Restate the listing below word for word, and leave its pictures behind.

___ Data provided

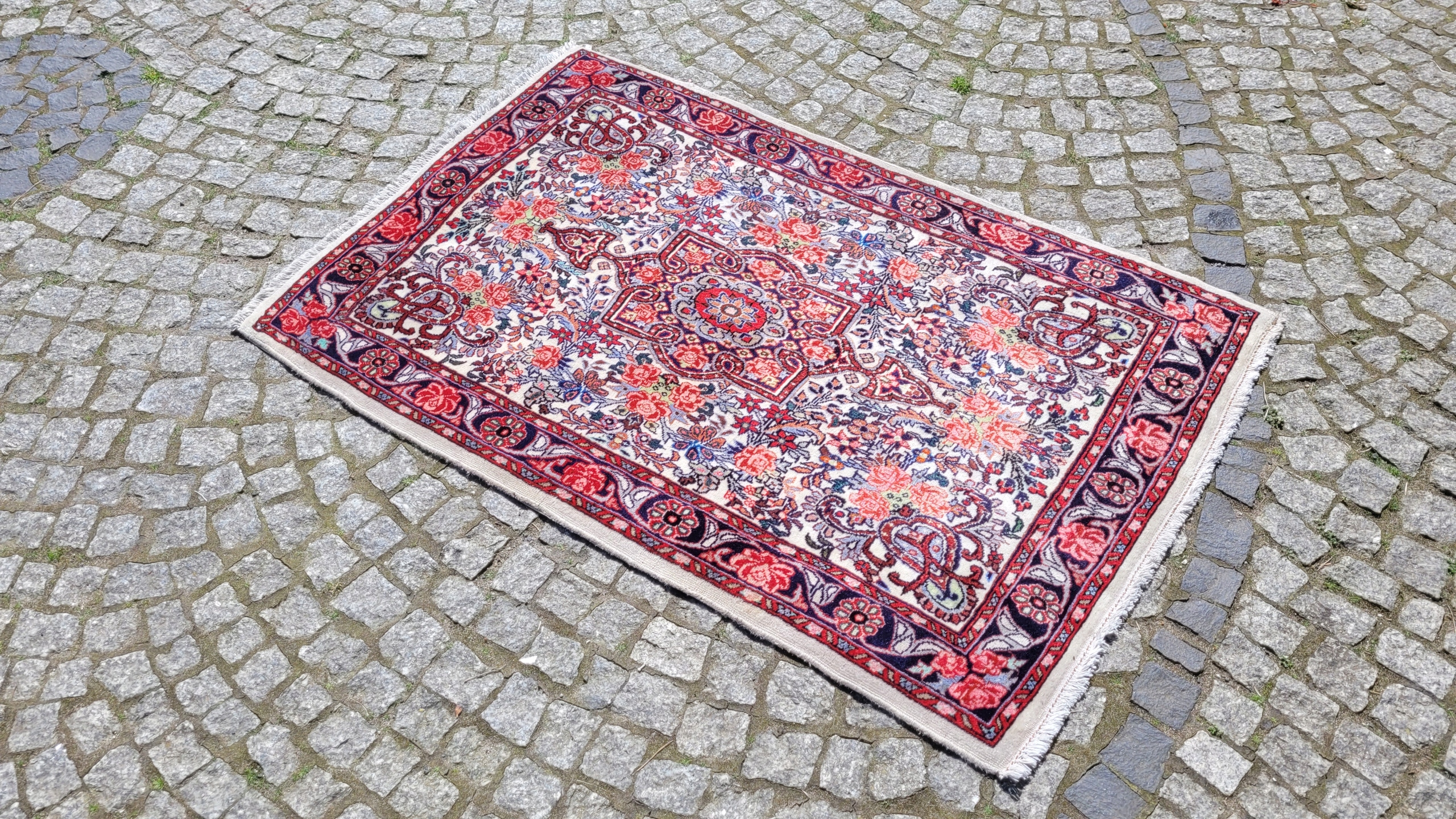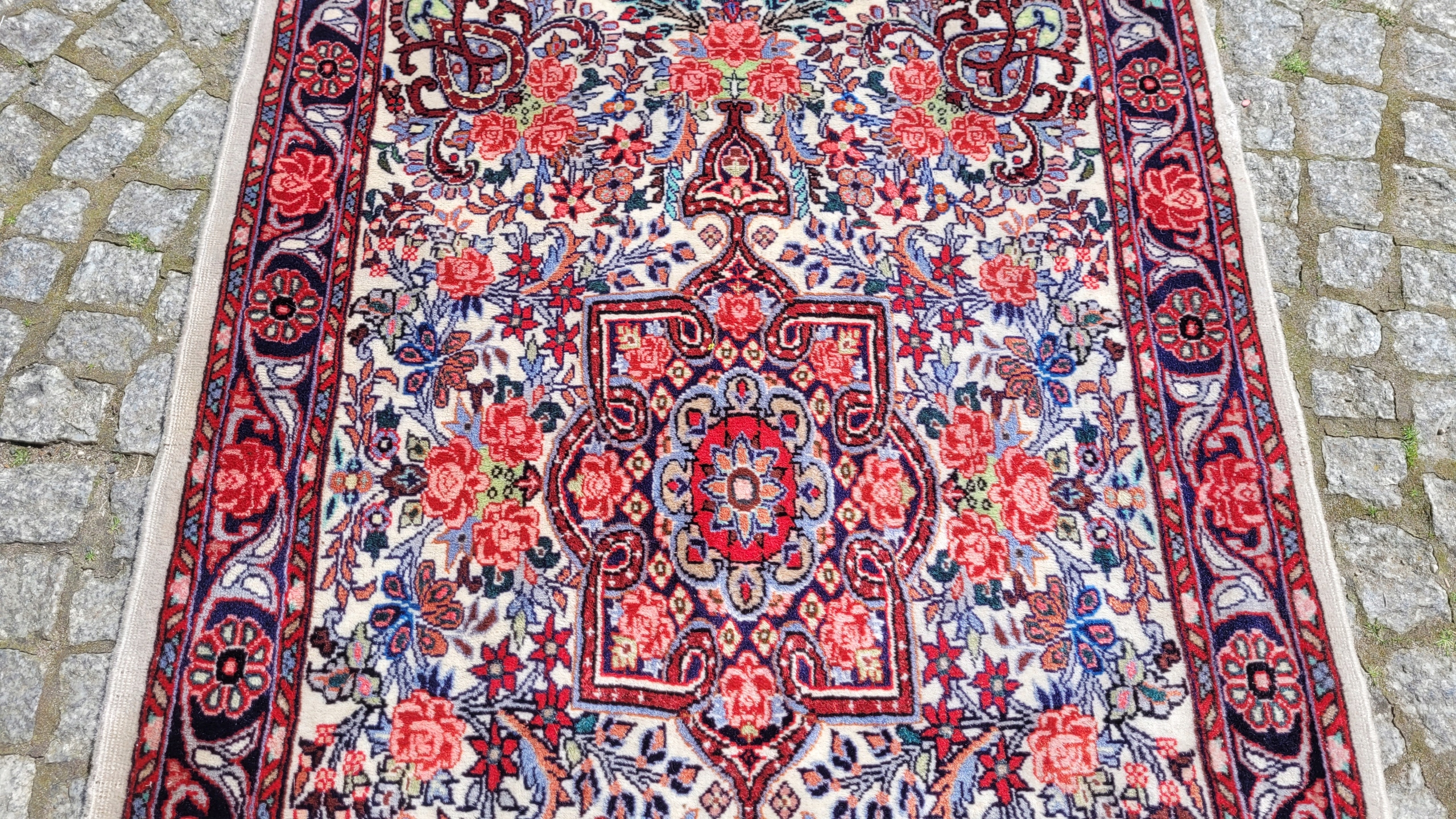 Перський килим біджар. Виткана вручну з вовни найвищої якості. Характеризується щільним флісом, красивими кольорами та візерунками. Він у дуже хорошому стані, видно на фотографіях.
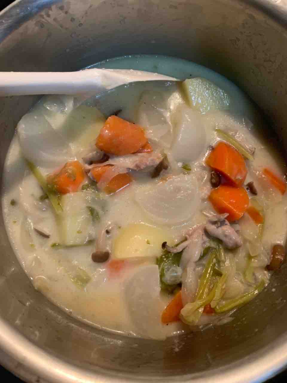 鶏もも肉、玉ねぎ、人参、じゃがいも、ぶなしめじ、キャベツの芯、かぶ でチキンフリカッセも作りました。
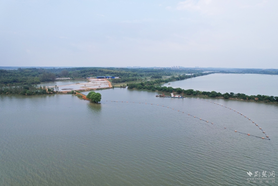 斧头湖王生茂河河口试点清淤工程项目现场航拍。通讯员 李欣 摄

______

== Answer to the problem ==
 Перський килим біджар. Виткана вручну з вовни найвищої якості. Характеризується щільним флісом, красивими кольорами та візерунками. Він у дуже хорошому стані, видно на фотографіях.
 鶏もも肉、玉ねぎ、人参、じゃがいも、ぶなしめじ、キャベツの芯、かぶ でチキンフリカッセも作りました。
 斧头湖王生茂河河口试点清淤工程项目现场航拍。通讯员 李欣 摄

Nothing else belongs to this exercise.